#### AIM OF THE TASK:
Skip all pictures, then copy the lines from the start of the data through the line with "中鋼天源1人榮獲全-國技術能手榮譽稱號", keeping both ends.

#### MATERIAL PROVIDED:
···

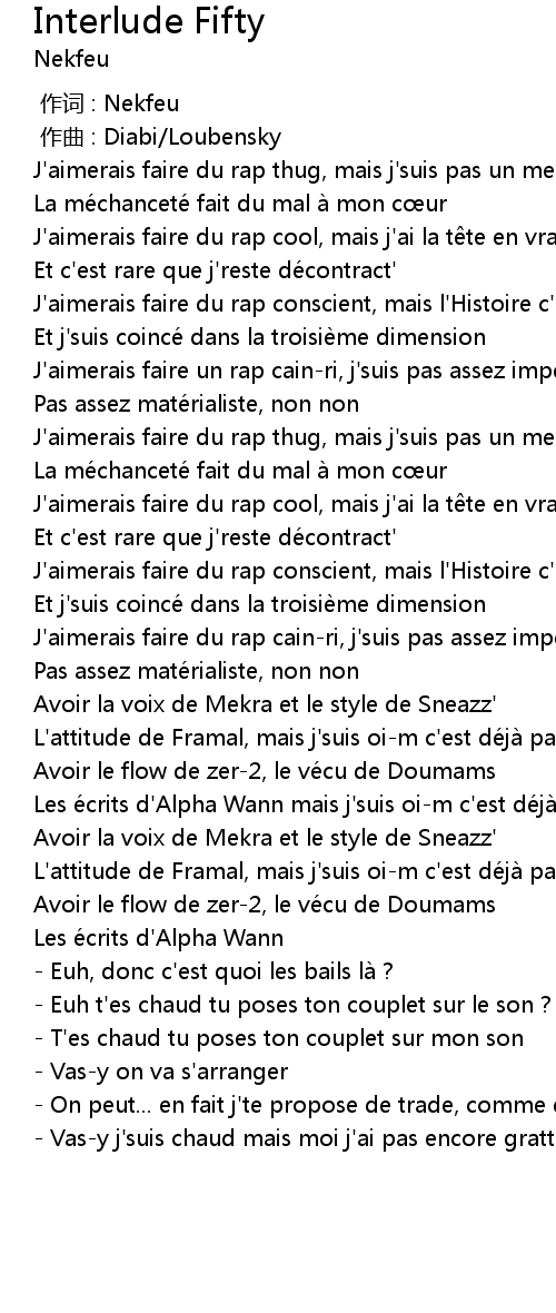 | [00:47.36] | J'aimerais faire du rap cain-ri, j'suis pas assez impérialiste |
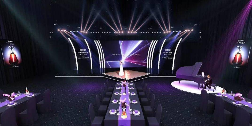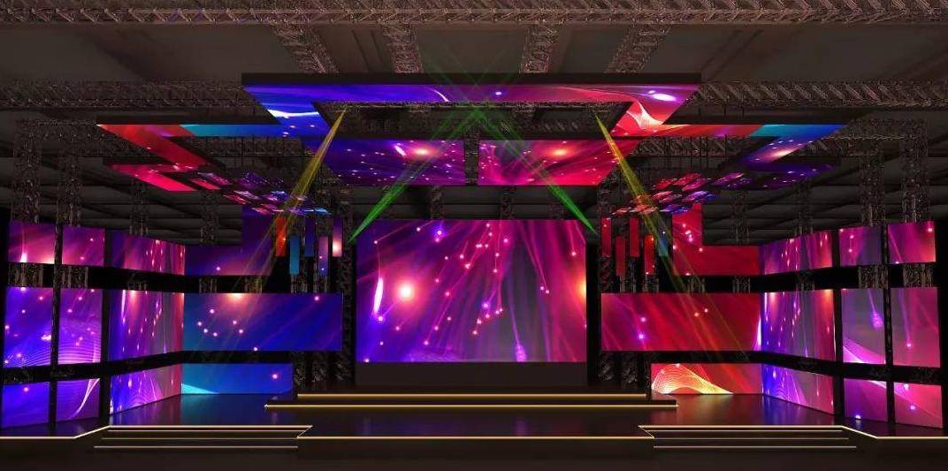 亮点:将舞台打造“全是屏”的既视感,结合场地天花板,给来宾带来沉浸式体验感。
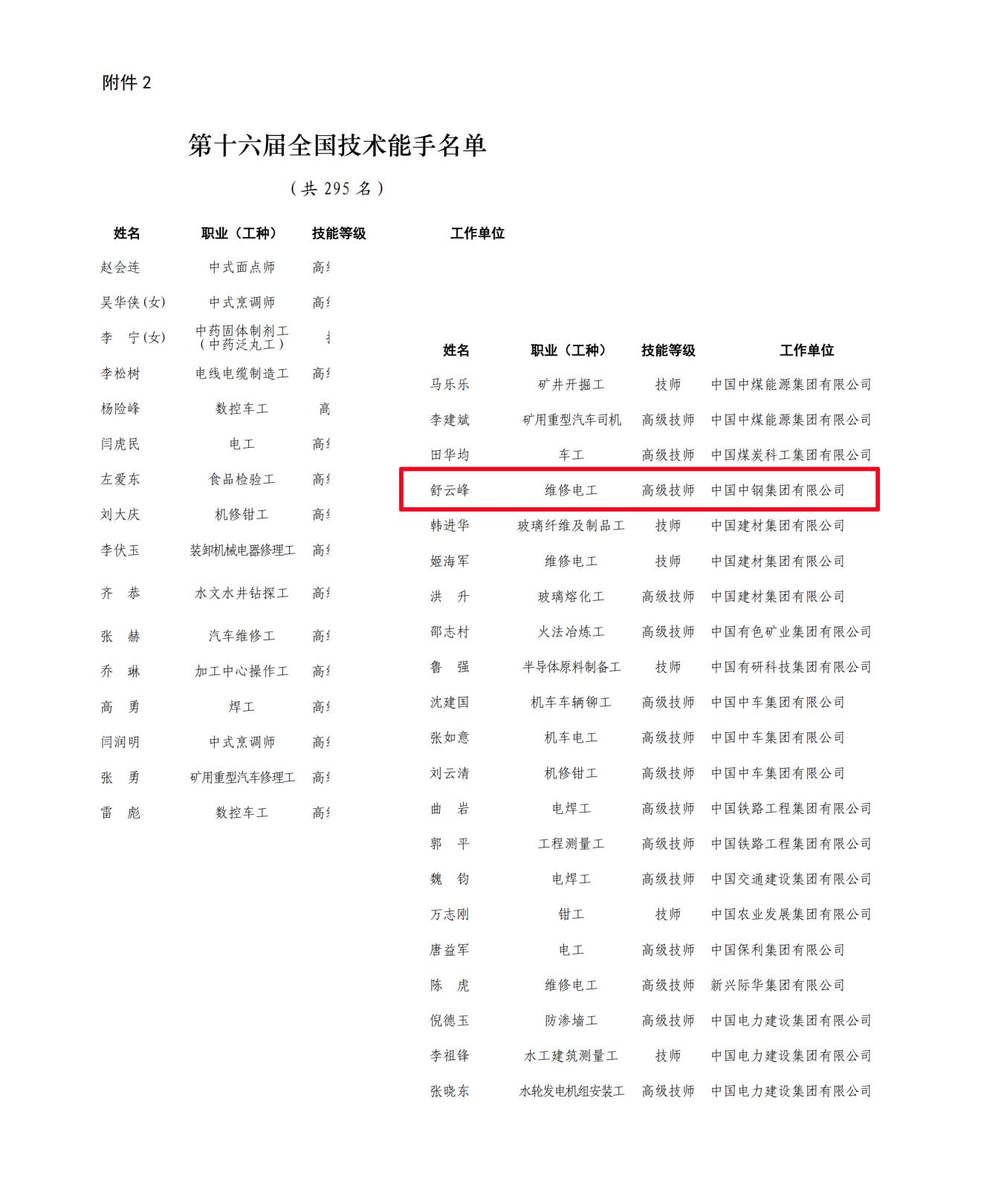 中鋼天源1人榮獲全-國技術能手榮譽稱號
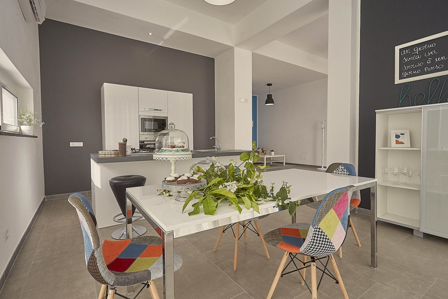 Ang malaking apartment (mga 200 metro kuwadrado) na may magagandang tapusin ay may tatlong malaki at eleganteng silid - tulugan na may pribadong banyo, kusina na may induction stove, dining room, sala, terrace. Mayroon itong pinalamutian na sahig, mga pader na may mga orihinal na bahagi ng bato, klasikong dekorasyon na may mga piraso ng mga antigo. Matatagpuan ito sa isang sinaunang gusali kung saan matatanaw ang isang katangian ng hagdan sa gitna ng downtown, ilang hakbang mula sa Via Atenea, ang pinakamaganda at eleganteng kalye sa lungsod.

···

#### RESPONSE AREA:
 | [00:47.36] | J'aimerais faire du rap cain-ri, j'suis pas assez impérialiste |
 亮点:将舞台打造“全是屏”的既视感,结合场地天花板,给来宾带来沉浸式体验感。
 中鋼天源1人榮獲全-國技術能手榮譽稱號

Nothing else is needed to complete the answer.